El turismo se ha convertido en el equivalente a encontrar petróleo. Ayuda a tener ingresos rápidos y fáciles. Ahora bien, también vuelve a toda la economía dependiente de ese recurso. Eso ha hecho que una generación de españoles más jóvenes haya visto cómo ha cambiado la fisionomía de sus ciudades.
Los comercios tradicionales han cerrado dejando paso a las franquicias. Los alquileres y la propiedad en el centro se han vuelto imposibles. Hasta caminar por Madrid, Málaga, Barcelona o Valencia se vuelve un deporte de riesgo sorteando grupos de turistas caminando en grupo.
Buscar un equilibrio es algo complicado. De un lado, el turismo es un indudable logro, algo que antaño estaba solo al alcance de unos pocos. Del otro, también es importante que sea sostenible para que nuestras ciudades sean habitables. La “turismofobia” se ha vuelto un término de moda, exagerado para los que prefieren que no haya ninguna regulación, pero por más que se quiera es importante discutir sobre su regulación.

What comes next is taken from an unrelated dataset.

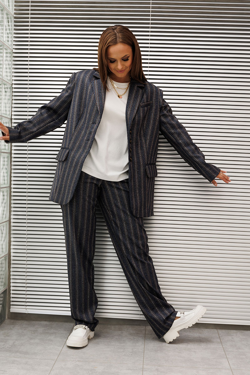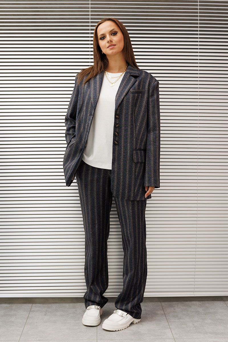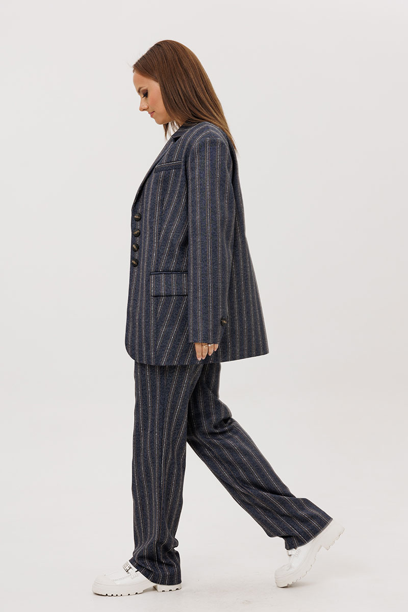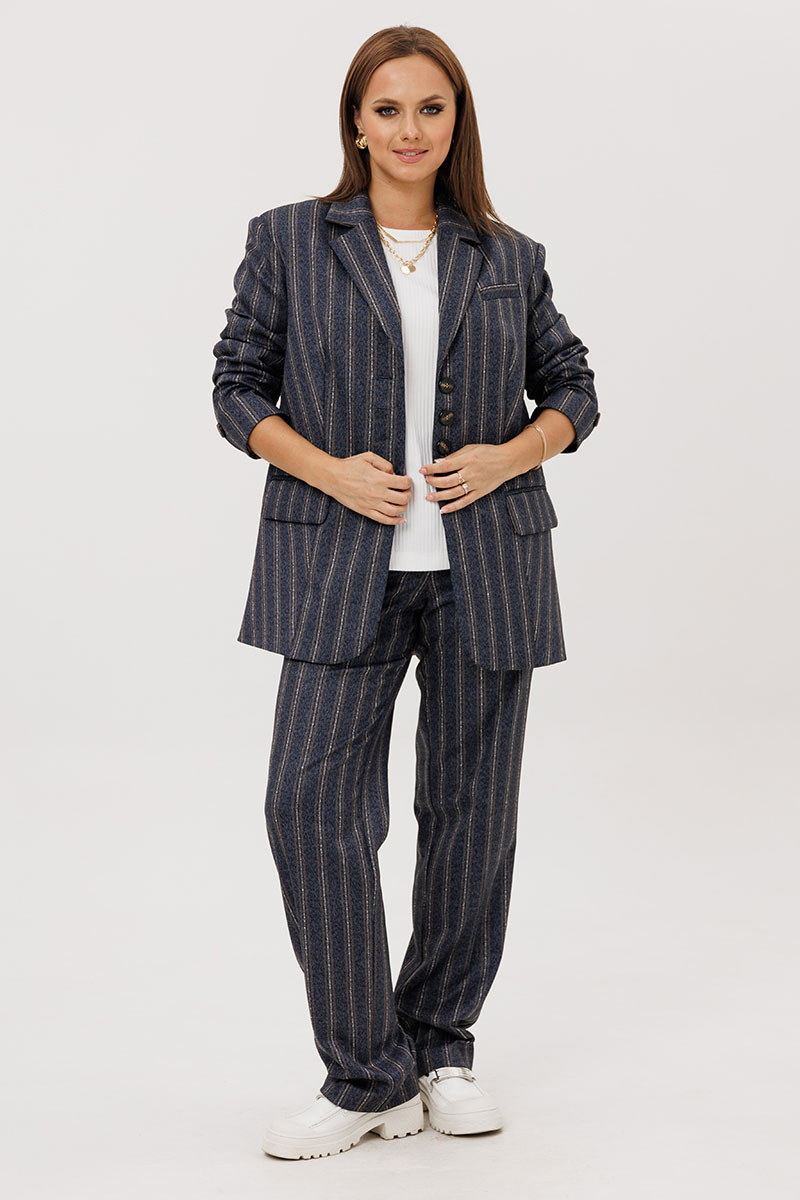 Жакет полуприлегающего силуэта удлинённый, с центральной застёжкой на две прорезные петли и пуговицы. Перёд жакета с талевыми вытачками и прорезными карманами с клапанами. Лацканы классической формы. Спинка со средним швом и шлицей с разрезом. Рукава втачные двух шовные, по низу декоративная отделка. Жакет на подкладке.

Una manera en la que Holanda controló su mal fue adaptando mediante el tipo de cambio la salida exportadora del petróleo e incrementando la inversión en manufactura para crecer en competitividad. Con el turismo debemos empezar a discutir sobre regulación.
Regular el alquiler turístico implica asegurar una competencia justa con el sector hotelero. Tasar las pernoctaciones es una forma de interiorizar las externalidades negativas que genera la afluencia masiva de gente. Pero ojo, que necesitamos que las tour-operadores españolas sean competitivas (no que nos lo gestionen desde fuera), que fomentemos un turismo de más valor que demuestre que aportamos cultura, no sólo borrachera.
Sin duda es un esfuerzo que requiere el concierto de muchos sectores y administraciones diferentes. Nadie quemaría un pozo de petróleo para luchar contra la contaminación, pero si no se regula su uso, el país no sólo se vuelve invivible sino, en le medio plazo, también más pobre.